President Lee Jae-myung committed roughly 1,350 trillion won across chips, data centres and robots.
That is close to 5% of the country's entire 2024 economic output, mostly corporate money.
The catch nobody is pricing in: the power and water needed do not exist yet.
While everyone argues about which model is smartest, South Korea placed the largest hardware bet in the AI era.
The numbers

On June 29, President Lee Jae-myung announced a ten-year plan at a televised event, flanked by the heads of Samsung and SK Group, whom he called national heroes. The total runs to roughly 1,350 trillion won, about $880 billion, which is close to five percent of the nation's entire 2024 economic output.
It splits three ways. Samsung Group and SK Group will each build two chipmaking plants in the southwest, with total investment of 800 trillion won, to double memory output within five years.
SK Group, GS Group and Naver will spend 550 trillion won on AI data centres, targeting 8.4 gigawatts of capacity by 2029 and another 10 gigawatts by 2035. The third pillar is physical AI, with a goal to grow South Korea's share of the global humanoid market from 1% to 20% by 2028.
Bloomberg's coverage of the announcement:
The problem underneath the press release
Here is what the celebration skipped. Samsung and SK hynix have pulled fab completion dates forward by as much as 12 years, while the transmission lines and water pipelines that those fabs depend on remain years behind.

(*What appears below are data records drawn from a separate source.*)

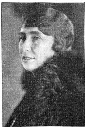
Ch. M. Mouvement Féministe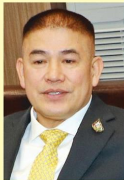
ธรรมนัส พรหมเผ่า รมช.เกษตรฯ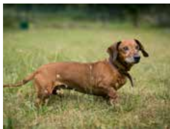
FANY. / foto: útulek

Stejně jako všechny pejskaře ve Zlíně a okolí, také chod našeho útulku ovlivnil zákaz vstupu se psy do lesů kvůli výskytu afrického moru prasat. V průběhu měsíce srpna jsme museli pozastavit venčení psů mimo areál útulku. Jelikož se za hezkého počasí v návštěvní dny obvykle dostávají na procházky téměř všichni psi, jednalo se o výraznou změnu. Psům nechybělo jen samotné venčení, ale také kontakt s lidmi. V této výjimečné situaci jsme si uvědomili, o kolik jsou naši psi ochuzeni. O pravidelnou pohybovou aktivitu s našimi pejsky byli také ochuzeni dobrovolníci, kteří k nám chodí, ale ti si na rozdíl od našich psů mohli zvolit jinou zábavu. Pravidelně k nám chodí venčit desítky dobrovolníků, s mnohými se vidáme téměř denně. K našemu překvapení jezdí psy venčit lidé i z větší dálky, například z Uherského Hradiště nebo Brna. Všem dobrovolníkům patří obrovský dík za pomoc, kvalita života našich svěřenců je zajištěna také díky vám. Doufáme, že se situace brzy vrátí zase do normálu a pejsci se dostanou zase do přírody, tak jak jsou zvyklí.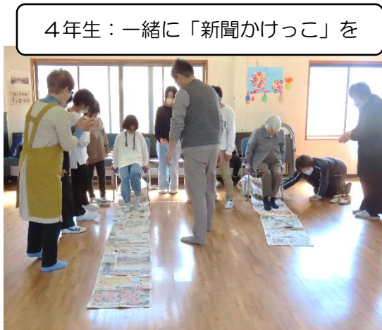
4年生：一緒に「新聞かけっこ」を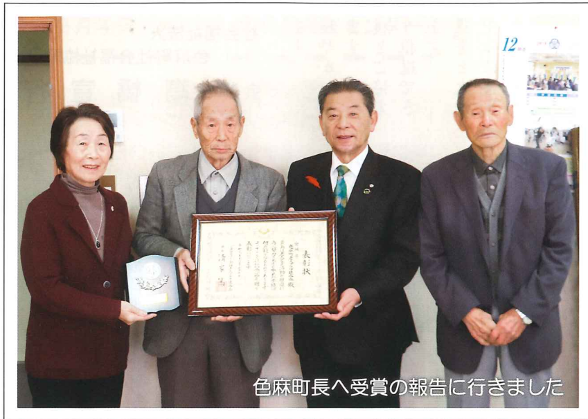
色麻町長へ受賞の報告に行きました

11月26日、27日に埼玉県で第48回全国老人クラブ大会が行われ、色麻町老人クラブ連合会が女性部会での県老連のモデル指定を受け、10年間継続して行っている友愛訪問活動が認められ、優良老人クラブ連合会表彰を受賞いたしました。本当におめでとうございます。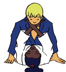
Gyaku-juji-jime Omgekeerde gekruiste verwurging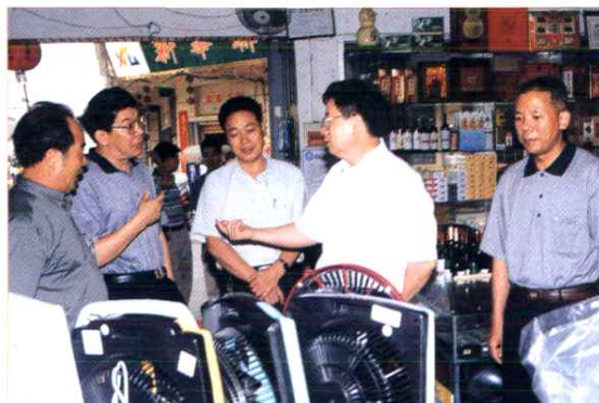
泉州市政府副市长黄维礼(右二) 到石狮市祥芝供销社调研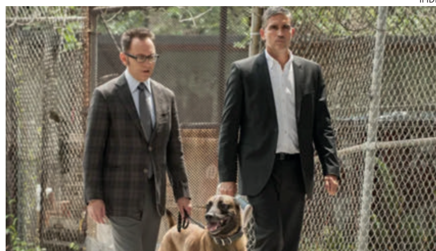
↑ Finch y Reese en el segundo episodio de la cuarta temporada.

Person of Interest , cuyas cinco temporadas tienen completas en Netflix, cuenta la historia de John Reese (Jim Caviezel), un exagente de la CIA hundido en la oscuridad de la soledad, y Harold Finch (Michael Emerson), un misterioso millonario que ha construido una máquina capaz de predecir crímenes antes de que ocurran. Juntos forman un equipo improbable que se dedica a salvar a personas cuya vida, para el mundo, parece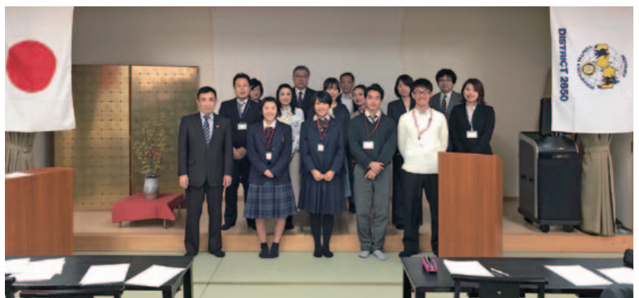
一泊二日の研修会で親睦も深まり、学生・保護者・地区委員と一つのチームができました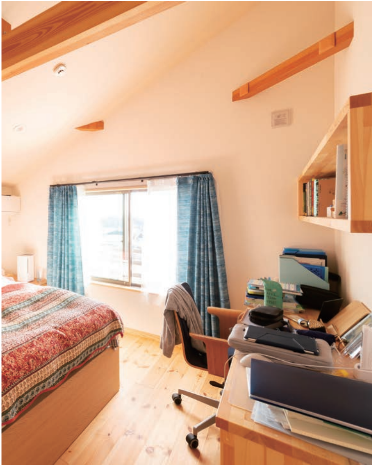
勾配天井の個室、棚も机も当社の造作です。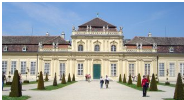
Здание Нижнего Бельведера, Вена

Верхний Бельведер служил принцу в качестве представительской резиденции, Нижний Бельведер - в качестве летней жилой резиденции.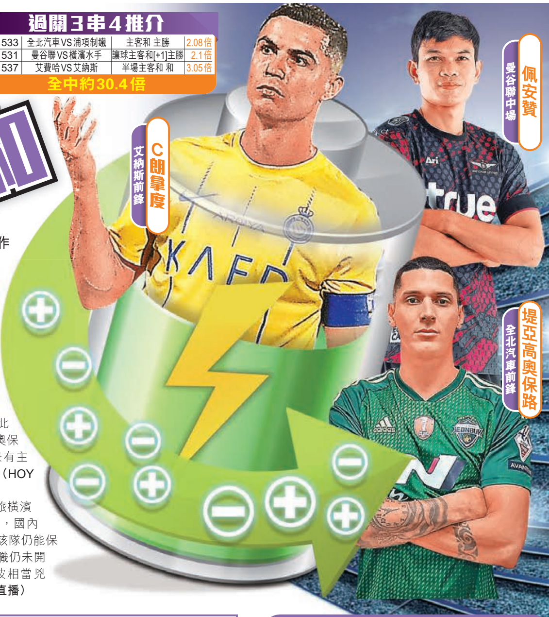
C朗拿度 艾納斯前鋒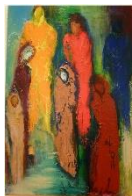
Maria, ich nenne dich Schwester

Ein Frauenteam gestaltet kreativ regelmäßig am letzten Freitag des Monats einen Wortgottesdienst. Hier weisen wir noch einmal auf den Gottesdienst am letzten Freitag im Mai hin. Dieser wird am 31.05.2024, um 18.00 Uhr in der Luciuskirche gefeiert. Das Thema lautet: „Maria, ich nenne dich Schwester“. Maria hat Unsicherheiten, widrige Lebensbedingungen, Trauer und Schmerz aushalten müssen und ist doch nicht am Leben verzweifelt. Sie hat sich mit anderen Frauen solidariert und ist ihnen so nah wie eine Freundin oder Schwester gewesen. Im Anschluss sind alle zum gemütlichen Beisammensein mit einem kleinen Imbiss in die Begegnungsstätte des Luciusdorfes eingeladen.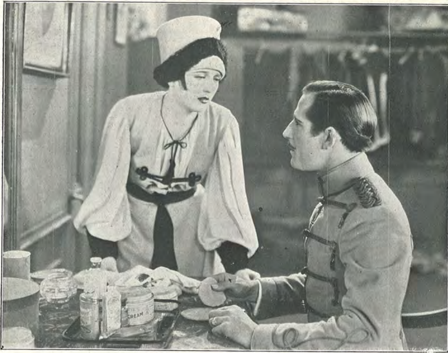
„Du er altid efter det Pigebarn!“

at han er en Forbryder, og Carl begynder forøvrigt selv at nære Afsky for det Liv, han lever.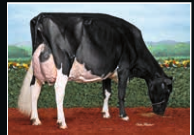
Comestar Lamadona Doorman EX 94 Aus der Familie Same family

Mr Blondin Warrior-Red 298475 (incl. ETN) (Avalanche x Doorman)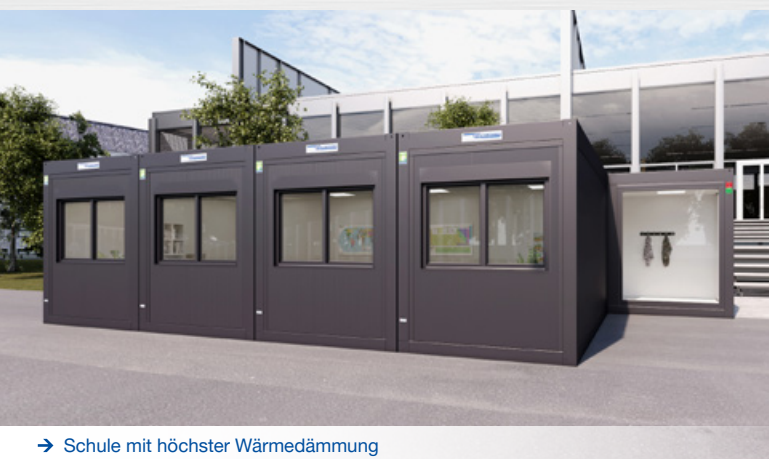
→ Schule mit höchster Wärmedämmung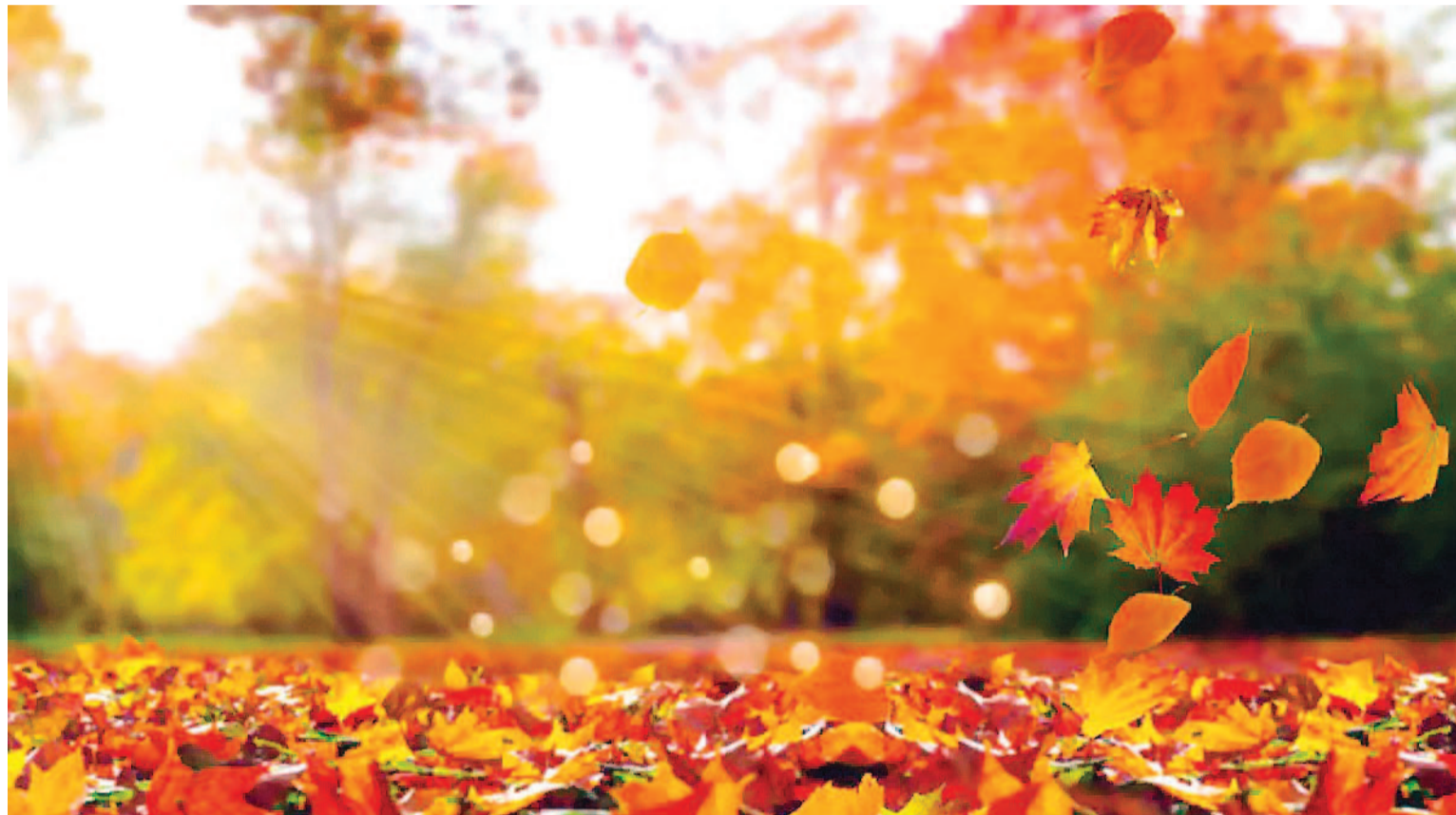
El otoño se caracteriza por temperaturas más bajas y la caída de las hojas de los árboles.

Generalmente, esta estación representa una transición hacia el invierno con temperaturas más bajas. Qué pronosticó el Servicio Meteorológico Nacional.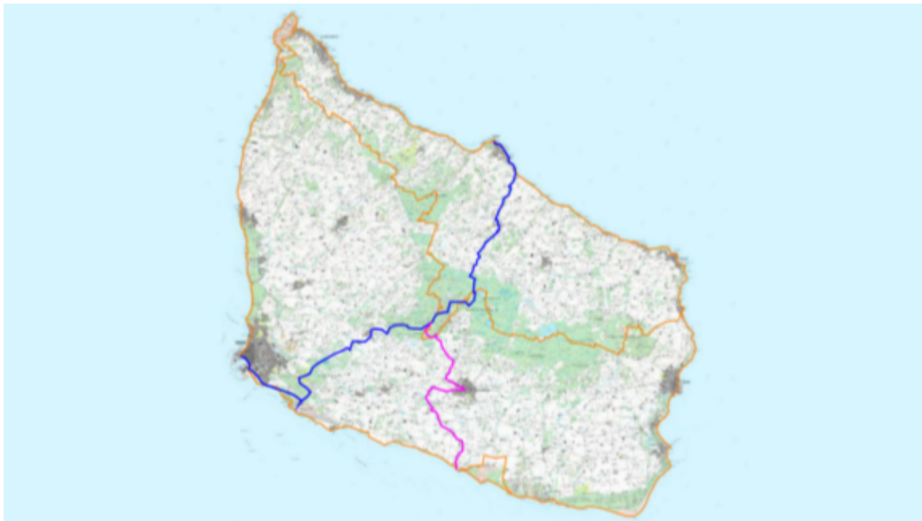
Illustration: Illustrationen viser i hovedtræk forløbet af de to ønskede stiforbindelser indtegnet med blå og pink. De præcise forløb fastlægges i løbet af projektperioden. Langdistanceruterne Kyststien og Højlyngsstien er indtegnet med orange.

The Yongin megacluster alone is estimated to require 15 to 16 GW at full operation.
Water is worse. A large memory fab consumes upwards of 100,000 tons of water per day, and the Yongin national complex is projected to need around 800,000 tons per day once fully built. The stopgap is six LNG plants inside the complex, which the ruling party's own carbon-neutrality committee wants cancelled, since both chipmakers hold commitments to reach 100% renewable electricity by 2050.
The financing carries its own risk. The plan rides a price surge, with commodity DRAM up around 90% in the first quarter and 50% to 60% in the second. A plan financed by a price surge inherits the risk that the surge does not last until the fabs it funds come online, and Bank of America notes the cluster will not produce meaningful output until 2033 at the earliest.
Markets noticed. Samsung shares fell around 5% after the announcement and SK Hynix dropped over 7% in five days on oversupply worries. Lee's line was simple: speed is the only way to survive.